In this system, the equations are aligned:\begin{aligned} 3x+4y&=12\\\ x+y&=11\end{aligned} and in this system, the equations are not aligned: \begin{aligned} 3x&=12-4y\\ x&+y=11\end{aligned}

Begin by graphing the system of equations and identifying the solution.\begin{aligned} 3x+2y&=10\\x+2y&=8\end{aligned}

Next, perform each operation using the original equations and consider the result. What do you notice? Record your observations.

- Divide the second equation by 2 and regraph the system. What do you notice?
- Multiply the first equation by 2 and regraph the system. What do you notice?
- Add the equations together and regraph the system. What do you notice?
- Multiply the first equation by -1 and add the equations together. Graph the new equation with the system. What do you notice?
- Multiply the second equation by 3 and add the equations together. Graph the new equation with the system. What do you notice?
- Multiply the second equation by -3 and add the equations together. Graph the new equation with the system. What do you notice?

What happens to the solution to a system of linear equations if one equation is multiplied by a number and then added to the other equation?

The goal of the elimination method is to combine the two equations in the system of equations until one variable is eliminated from the problem. When we replace an equation in a system of equations with the sum of that and the multiple of the other, we get a new system with the same solution. This becomes the basis of the elimination method.

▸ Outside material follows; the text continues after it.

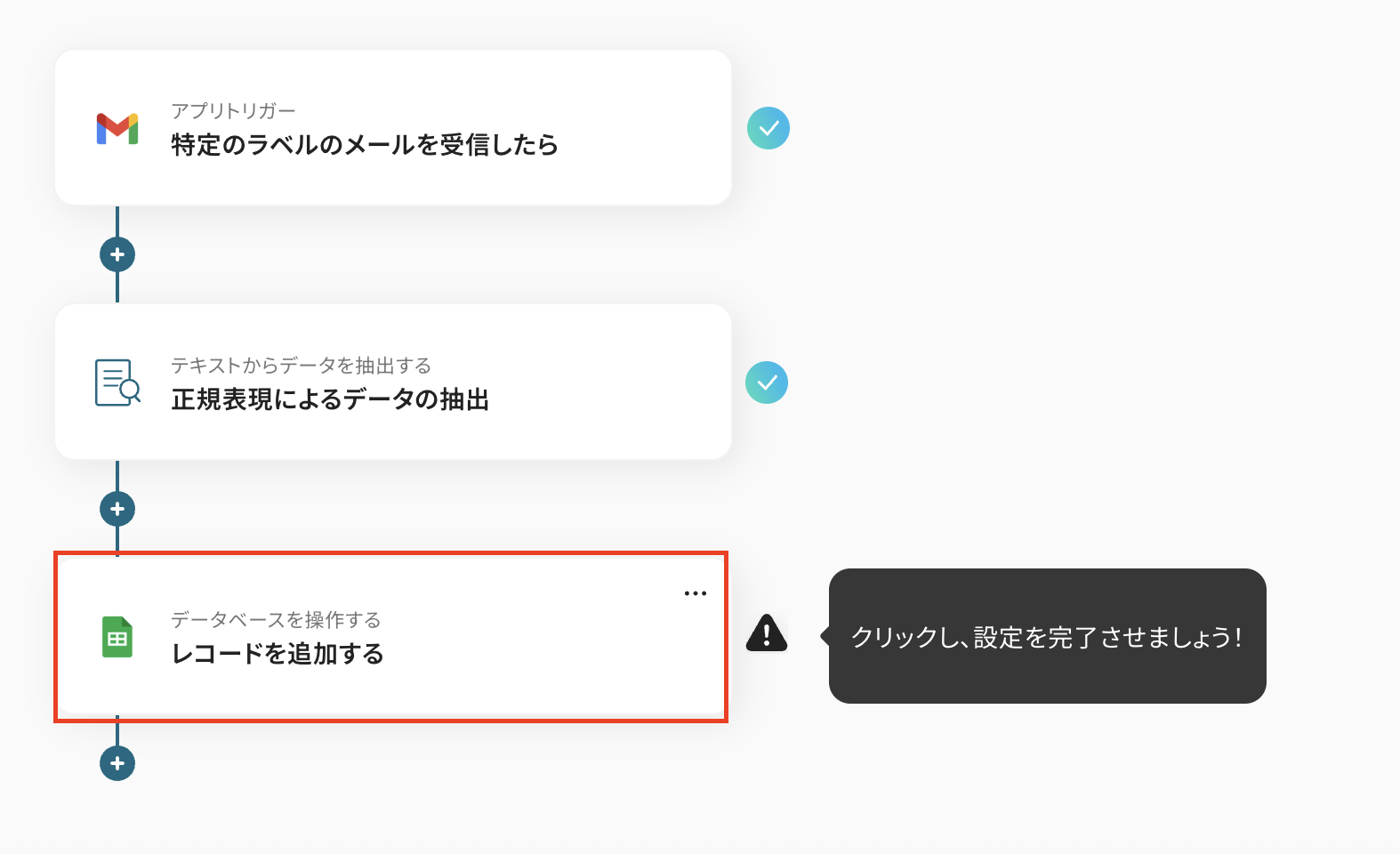 今回は「Gmailの内容をGoogle スプレッドシートに抽出・追加する」フローボットを作成していきます! 作成の流れは大きく分けて以下です。

We can also determine the number of solution from a system of equations without solving the system. If one equation in the system is a multiple of the other, the system has infinite solutions:

2y - 3 = 4

6y - 9 = 12

This system has infinite solutions because they are different representations of the same line.

If the coefficients of the x and y terms are multiples but the constant is not a multiple, the system has no solutions:

2y - 3 = 4

6y - 9 = 5

This system has no solutions because they represent parallel lines and will never cross.

Lastly, if the x and y terms are not multiples then the lines intersect and have one solution:

2y - 3 = 4

6y - 6 = 5

This system represents lines that intersect exactly once, so there will be a single solution.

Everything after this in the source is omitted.